CRUCIBLE – John Sayles

“They came, says Santos, they tried to beat the jungle, they lost, and they left.

They left some good things.

Tell me one.

They educated my son here. He can speak English…

Let’s hear some.

Flavio – show him…

‘A,B,C,D,E,F,G,H’ —he chants, ‘I’ve got a gal – in Kalamazoo –‘”

It’s rare that I’ll say a book would possibly make a better movie, but I need to see John Sayles’s Crucible (Melville House 2026) on the screen.  This sprawling novel, spanning the late 1920s to 1945, is epic in scope with a cast of characters that range from Henry Ford himself to the son of a Brazilian man working a rubber tree farm in the jungle. In addition to Ford’s elite empire, there are maids, baseball players, including the one-armed Pete Gray and the “Hebrew Hammer” -Hank Greenberg, gangsters, politicians, blue collar workers, unionists, journalists, prohibitionists, and so on – the mix of races, socio-economic status, and politics blur together creating a fascinating mural of characters that seems oh so American, and it begs for the screen.

The novel centers around Henry Ford’s empire and its expanding reach, seeing it through a bank collapse, the Great Depression, union struggles, and into WWII. Sayles clues the reader into a time change by inserting Ford adverts, which provide a clue as to the year the reader finds herself in.  I enjoyed it, but I can see why some people found the timeline a bit of a blur, and the novel too much.

As far as my favorite characters to follow, it would have to be Kerry, the young girl who goes to join her father in Brazil in Fordlandia, and her mother, a woman with her own secrets and crushed dreams that seem a bit of the light in Brazil.

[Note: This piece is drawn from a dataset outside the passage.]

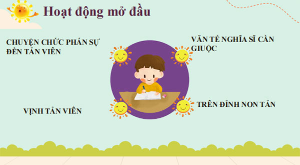 - Củng cố kiến thức đã học về văn bản Chuyện chức phán sự đền Tản Viên, Văn tế Nghĩa sĩ cứu cần Giuộc, Vinh tản viên Sơn, Trên đỉnh Non Tản

It’s a good novel, but the revolving door of characters and plots can get a bit murky.  I do think it would translate extremely well to screen, and I hope someone buys the rights soon.  (Considering the author, it makes sense this reads like it was made for the screen.) If you enjoy historical fiction that claws back the shine and exposes the grit, read this book.